We show Tet2 and Dnmt3aRH LOF mutations to have opposite effects on Mɸ cytokine release, with increased cytokines and NLRP3 inflammasome activation with Tet2 and decreased or the same with Dnmt3aRH. However, Jak2VF GOF mutant Mɸ cytokine expression was equivalent to WT. Clonal growth in mice occurred with Tet2 mutant cells, but not Dnmt3aRH or Jak2VF. IL-1–driven systemic inflammation did not affect clonal expansion, while HFD-induced atherosclerosis only increased expansion of Tet2–/– cells but not monoallelic mutants. Moreover, human MR studies showed no effect of genetically predicted serum cytokines or CVD on CHIP. Atherosclerosis increased in female mice with Tet2+/– and male with Jak2WT/VF cells, but not mice with Dnmt3aWT/RH. Together, CHIP mutations have disparate effects on Mɸ cytokines, Dnmt3aRH and Jak2VF cells do not clonally expand in murine CHIP models, and the effect of CHIP on atherogenesis is mutation and sex dependent.

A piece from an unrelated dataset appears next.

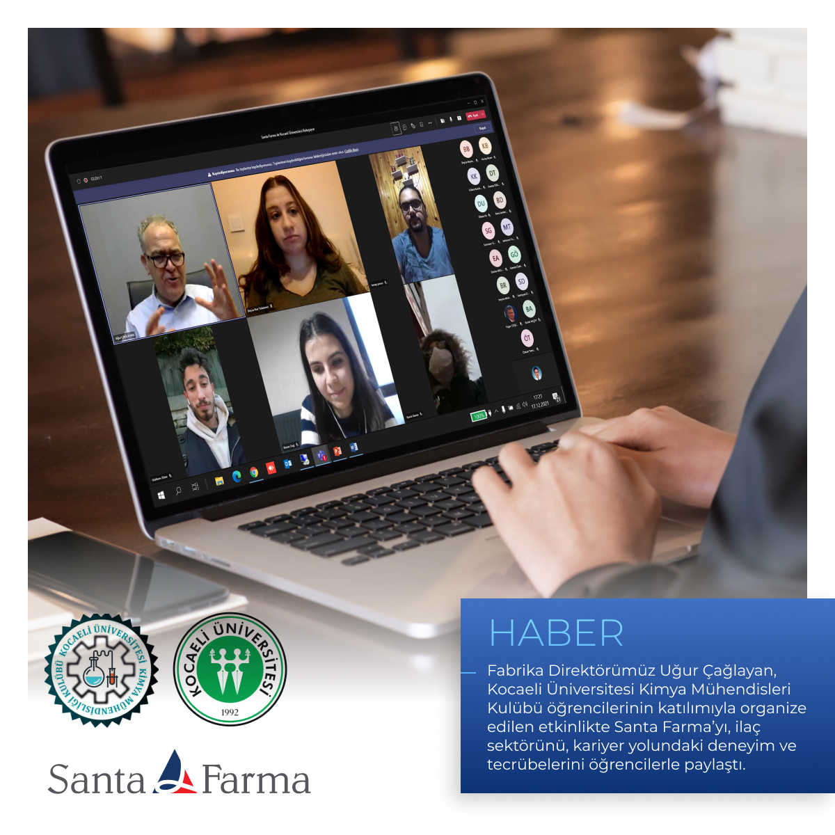 Üniversite buluşmalarımız Kocaeli Üniversitesi ile devam ediyor. Fabrika Direktörümüz Uğur Çağlayan, Kocaeli Üniversitesi Kimya Mühendisleri Kulübü öğrencilerinin katılımıyla organize edilen etkinlikte Santa Farma’yı, ilaç sektörünü, kariyer yolundaki deneyim ve tecrübelerini öğrencilerle paylaştı.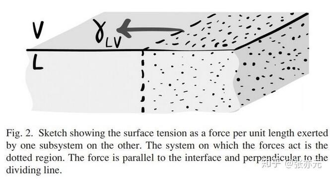 熱動(dòng)力學(xué)觀點(diǎn)和力學(xué)觀點(diǎn)可以用虛功原理聯(lián)系起來(lái)。圖1中的界面處的分子明顯受到一個(gè)垂直于界面方向的力,但圖2中的力明顯平行于界面,那么第1個(gè)關(guān)鍵問(wèn)題就是:為什么表面張力是一個(gè)平行于界面的力,即使它似乎一定垂直于界面?

Several studies report increased IL-1β release from Tet2, Dnmt3a, and Jak2 mutant Mɸs (16, 20, 21), while others show no difference (5, 19, 24, 29–31). As CHIP mutations occur in genes with disparate function, convergence on IL-1β has remained unexplained. We used littermate WT, heterozygous and homozygous mice, multiple independent Mɸ differentiations, and we analyzed cytokine transcript, intracellular proform and secreted mature forms at multiple time points to robustly investigate the effect of CHIP mutations on Mɸs. Tet2 mutant Mɸs tended to express more cytokine than WT after longer stimulations, and with a larger effect upon biallelic loss. Ultimately, more IL-1α/β, IL-6, and TNF-α was secreted by Tet2 mutant cells after 18 hours of LPS, but less difference was seen in intracellular proforms of these cytokines. Indeed, the largest effect of Tet2 loss was an approximate doubling in ASC speck formation and caspase-1 activity (markers of active inflammasomes), suggesting this may be the cause of increased IL-1. In contrast, Dnmt3aRH Mɸs tended to release less or the same amount of cytokine as WT and showed about half the ASC specks and caspase-1 activity as WT. This is particularly interesting, as DNMT3A and TET2 have opposite functions on methylation; thus, an opposite effect on inflammasome activation is perhaps biochemically more rational. Thus, although Dnmt3a LOF mutations are reported to increase IL-1β transcript and intracellular proform (19) (which we also see), this is likely counterbalanced by reduced NLRP3 inflammasome function. In contrast, Jak2VF Mɸs showed only a small decrease in intracellular IL-6 and secreted TNF-α at 5 hours in Jak2VF/VF cells, which is in keeping with some studies (30, 31) but discordant with a reported 5-fold more IL-1β after AIM2 or NLRP3 activation (20). Our extensive analysis reveals that, although differences in cytokine level between CHIP and WT Mɸs can be identified at individual time points, stages of expression, or genotypes, a broad consensus exists for more cytokine release from Tet2 and less or no difference with Dnmt3aRH and Jak2VF Mɸs.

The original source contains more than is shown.